INFORMATION SHOWN
::::

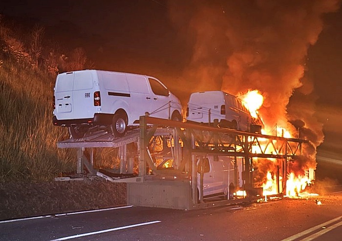 Carreta bate em barranco, tomba e fica atravessada na BR-116, em Muriaé
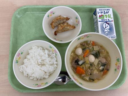 | 10月28日.jpg | 火 | ごはん、はっぽうさい、あげぎょうざ、ぎゅうにゅう |
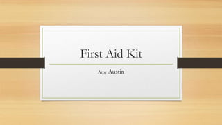 This document provides information about a small first aid kit containing 85 pieces. The kit includes antiseptic towelettes, alcohol wipes, a cold compress, antibiotic ointment, adhesive bandages, adhesive tape, gauze pads, butterfly closures, cotton swabs, finger splints, examination gloves, and a first aid guide. The document recommends adding a gauze bandage, ACE bandage, tweezers, and scissors. It describes three common ways a first aid kit can be used: at home, while traveling, and to treat minor ailments like cuts.
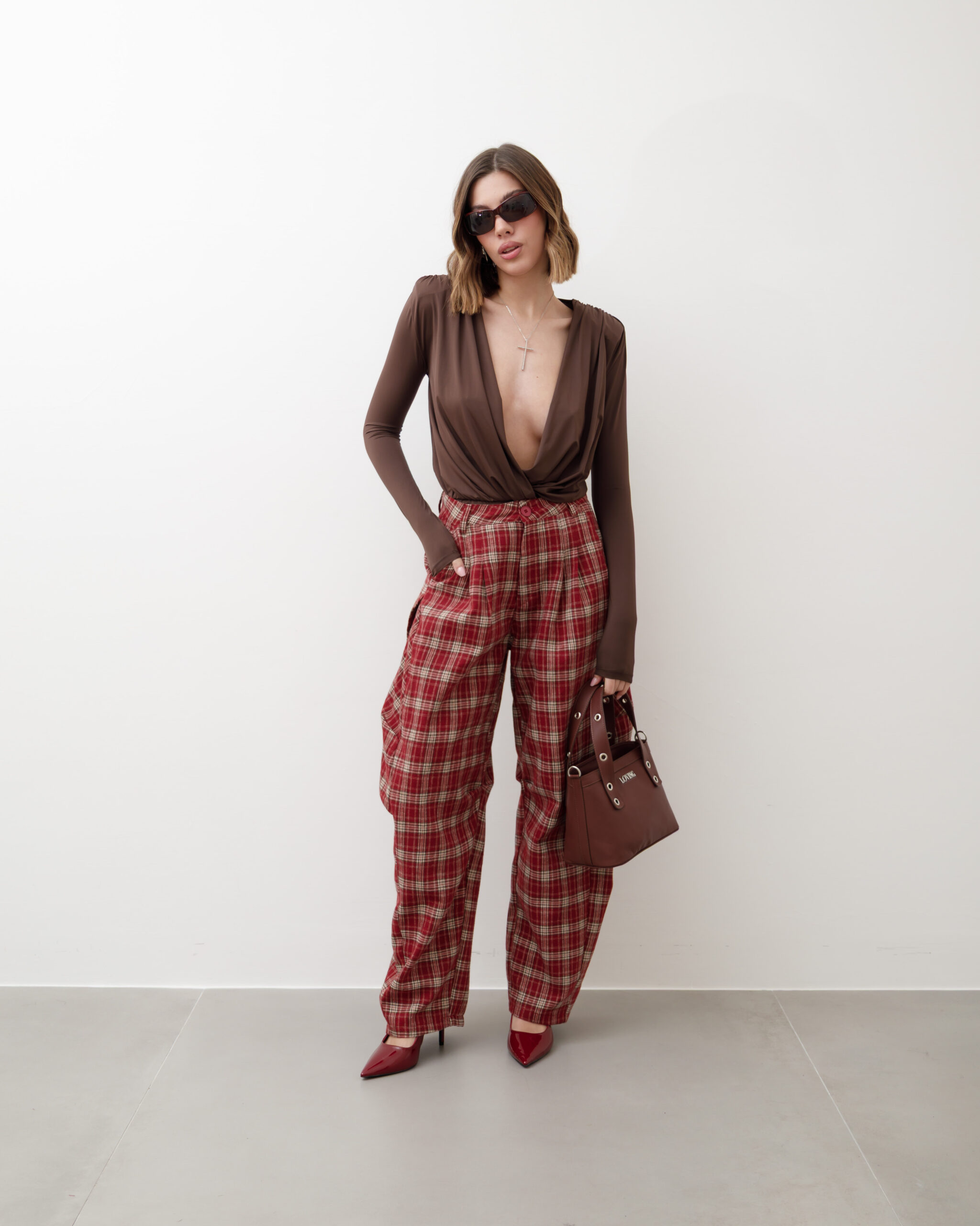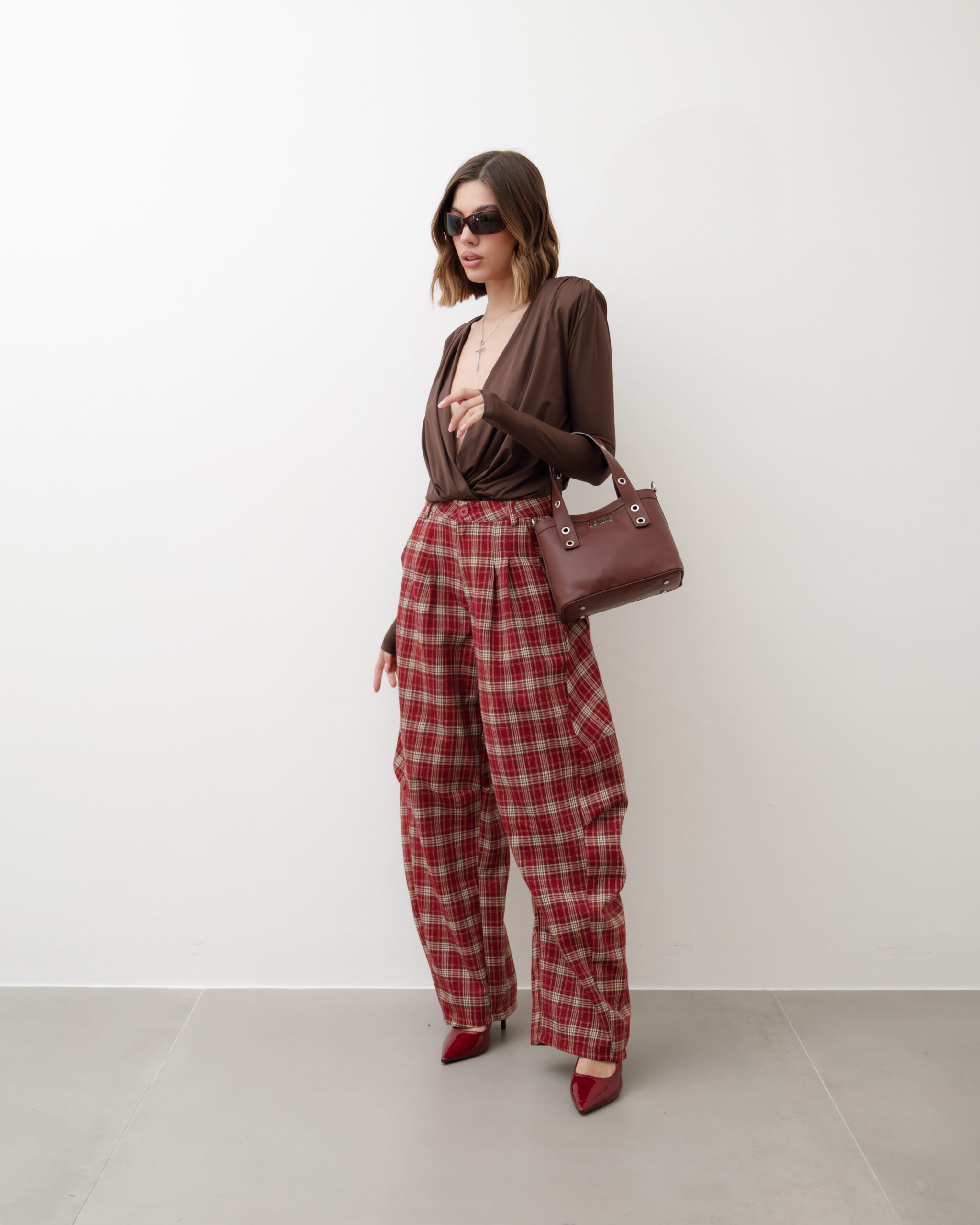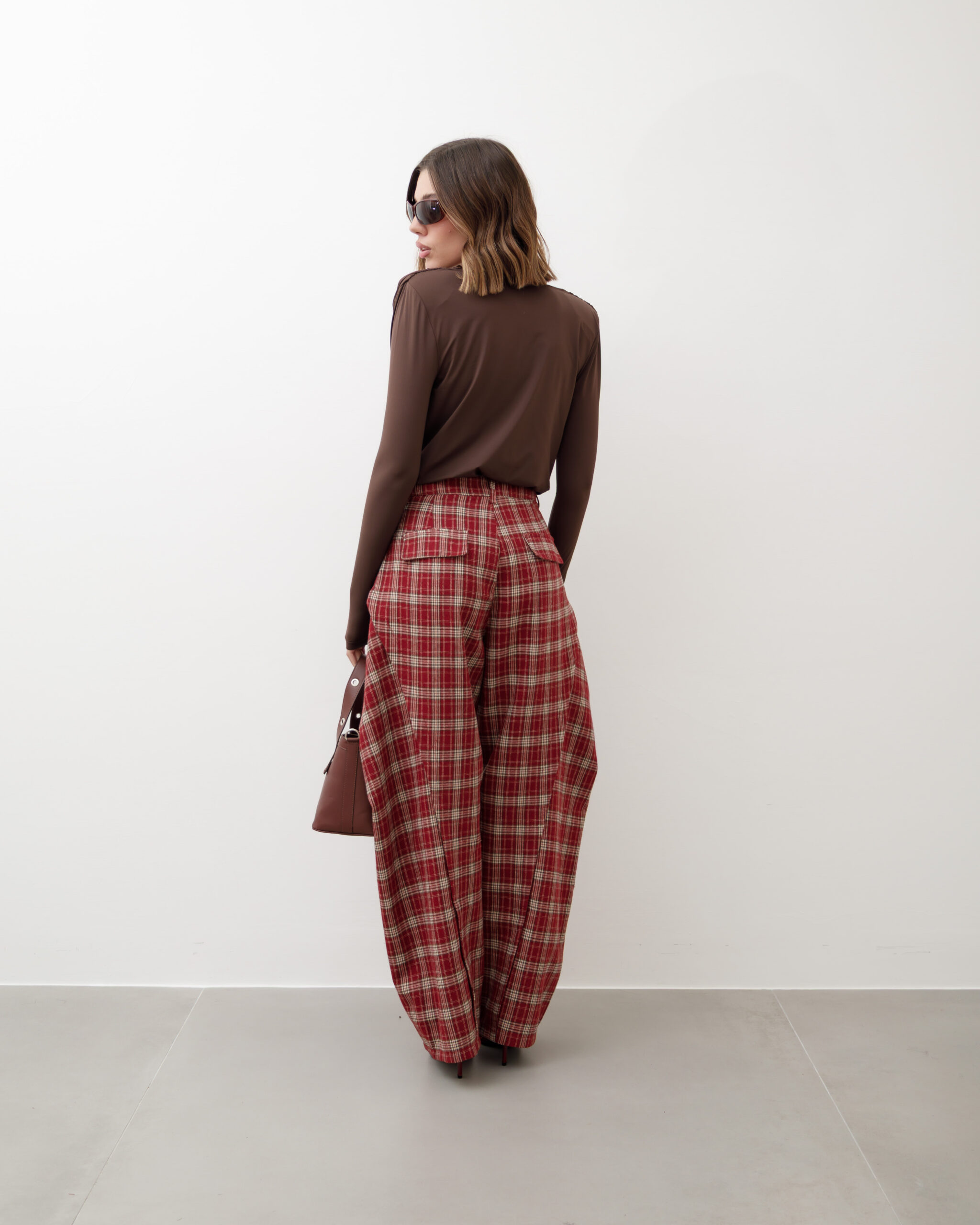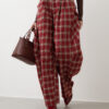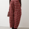 Pantaloni in cotone, vita alta, pinces frontali, modello ballon, stampa tartan, tasche a filo, gamba ampia, chiusura frontale con bottone e zip. Non elastico.

::::

PROBLEM DETAILS
Before copying the material, set its pictures aside; then transcribe it word for word.

PROBLEM SOLUTION
 Carreta bate em barranco, tomba e fica atravessada na BR-116, em Muriaé
 | 10月28日.jpg | 火 | ごはん、はっぽうさい、あげぎょうざ、ぎゅうにゅう |
 This document provides information about a small first aid kit containing 85 pieces. The kit includes antiseptic towelettes, alcohol wipes, a cold compress, antibiotic ointment, adhesive bandages, adhesive tape, gauze pads, butterfly closures, cotton swabs, finger splints, examination gloves, and a first aid guide. The document recommends adding a gauze bandage, ACE bandage, tweezers, and scissors. It describes three common ways a first aid kit can be used: at home, while traveling, and to treat minor ailments like cuts.
 Pantaloni in cotone, vita alta, pinces frontali, modello ballon, stampa tartan, tasche a filo, gamba ampia, chiusura frontale con bottone e zip. Non elastico.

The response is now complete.